For the registers, there are a few registers reserved for important tasks. These are namely the stack pointer sp, and the memory-mapped I/O pointer io among others. These pointers are set to come directly after the program data. The stack pointer points a distance away from the end of the program data, where that distance is however much user of the virtual machine specifies (by default it is 1MB). This leaves 1MB for the stack to grow downwards into. Above that lies the I/O pointer, which has a similar configuration. The distance the I/O pointer lies above the stack is dependent on the number and kind of I/O devices supported by the system. When running MVM as a slim virtual machine, relying on the underlying OS syscalls, the I/O pointer is set to the same address as the stack pointer, and shouldn't be used. However, when running the VM with the intent of virtualizing hardware and running a guest OS, the I/O pointer will first point to data that describes the devices connected to the VM. The first of these devices will always be a 4-byte-mapped terminal device for the most basic I/O.
MVM uses a fairly standard-looking assembler syntax. Each line can contain up to four grammatical objects. A Label, which is optional, can be followed by an Operation, which is followed by at least one operand but potentially many. Finally the line is ended with an optional comment. Omitting everything except for the comment is also acceptable:
[ LABEL : ] SYMBOL OPERAND [ , OPERAND ]* [ # STRING ]"
There are no required sigils to signal certain literals or symbols, however all registers are prefixed with '%' as a visual convention.
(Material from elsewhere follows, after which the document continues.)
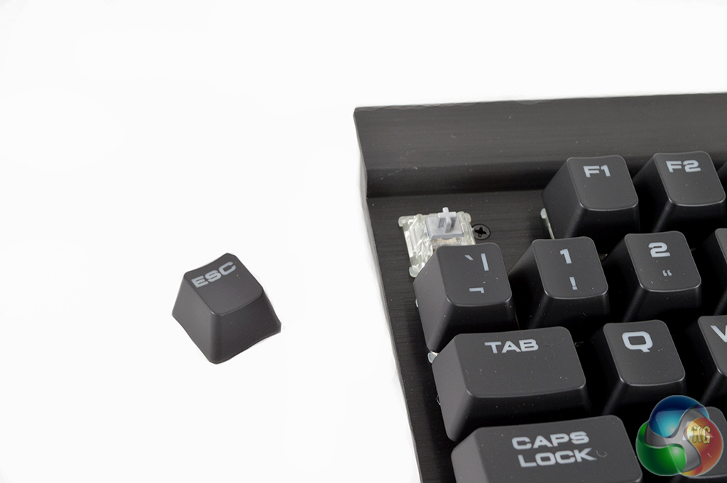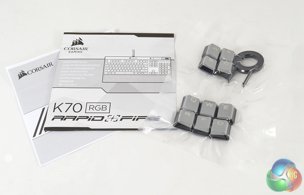 Aside from the keyboard itself, buyers will also find a few accessories in the box, including some textured, grey replacement key caps for WASD as well as some other keys traditionally used in PC games. There is also a key cap removal tool, so you don't have to worry about damaging your switches by prying the caps off.
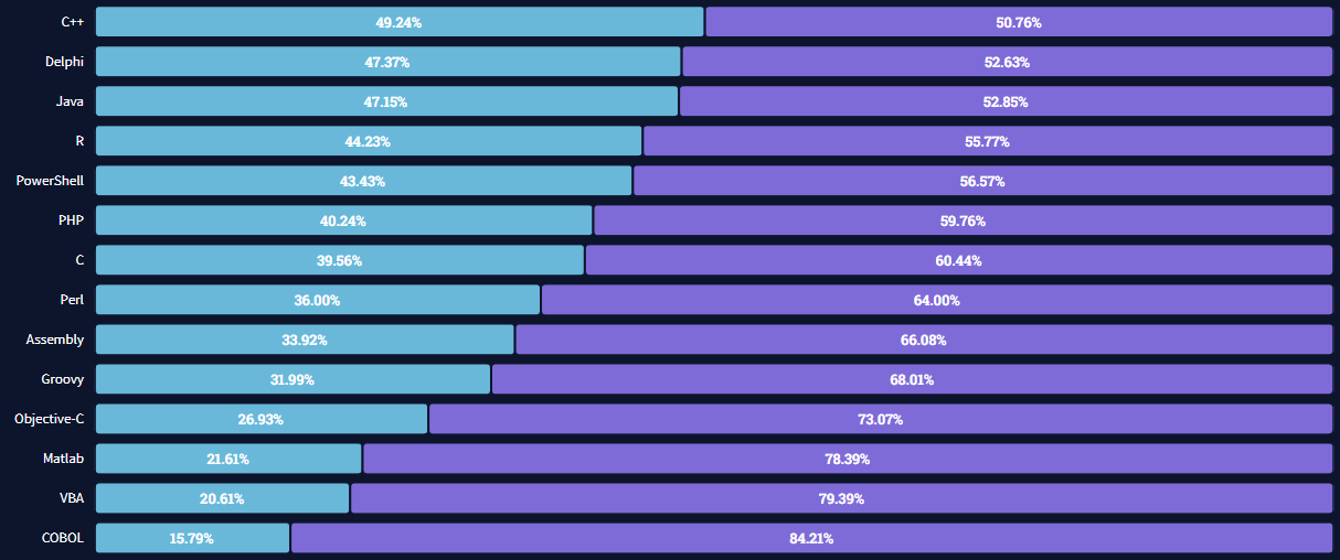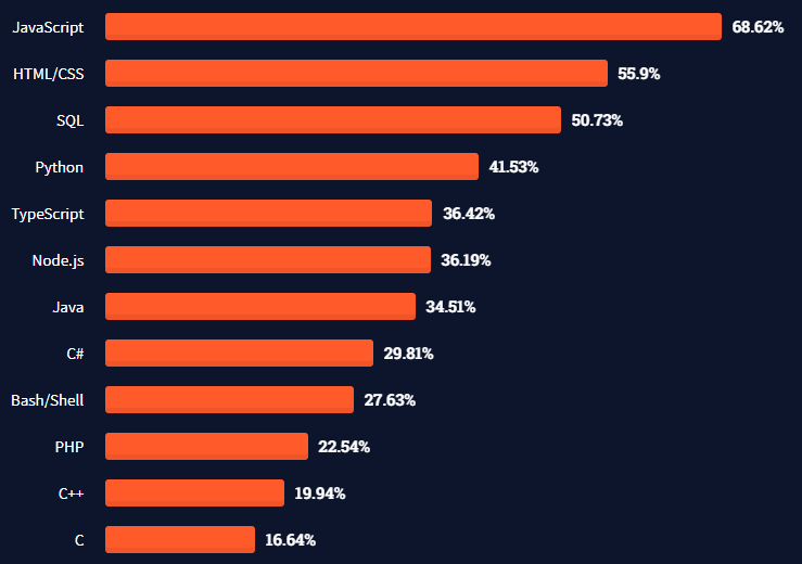인기 있는 언어와는 또 다른 결과가 나왔습니다. 가장 인기 있던 JS는 중위권에 그쳤으며 TS는 오히려 상위권으로 올라섰습니다. Java 역시 인기투표와는 달리 오히려 C#, C++ 보다 하위권에 위치하였습니다.

For example, to refer to register ra, one would write it as "%ra" in MVM assembler language file. Other symbols, such as opcodes, directives, and labels, do not have any prefix convention, nor require a prefix from the syntax.
L32 %t0, x loop: SUBI %t0, %t0, 1 JEZ %t0, exit JMP loop exit: HALT x: i32 1000000
LI %a0, 1 # Load the stdout file descriptor LI %a1, 12 # Load the number of characters to be LI %a2, x # Load the address of the string to be transmitted SYSCALL 1 exit: HALT x: str "hello world\n"
The rest of this article consists of some reference tables for the Muse ISA. This article serves as an introduction to Muse ISA, not as the full documentation. Although this is an incomplete description of the Muse ISA, as the design has been not been finalized, the most stable design decisions of the machine have been described. The remaining work that needs to be done is decide on floating point comparison instructions, figure out what function the registers between a7 ra should perform, the way in which global data is stored, and finally the method that the I/O section of memory specifies where each device is located to the programmer.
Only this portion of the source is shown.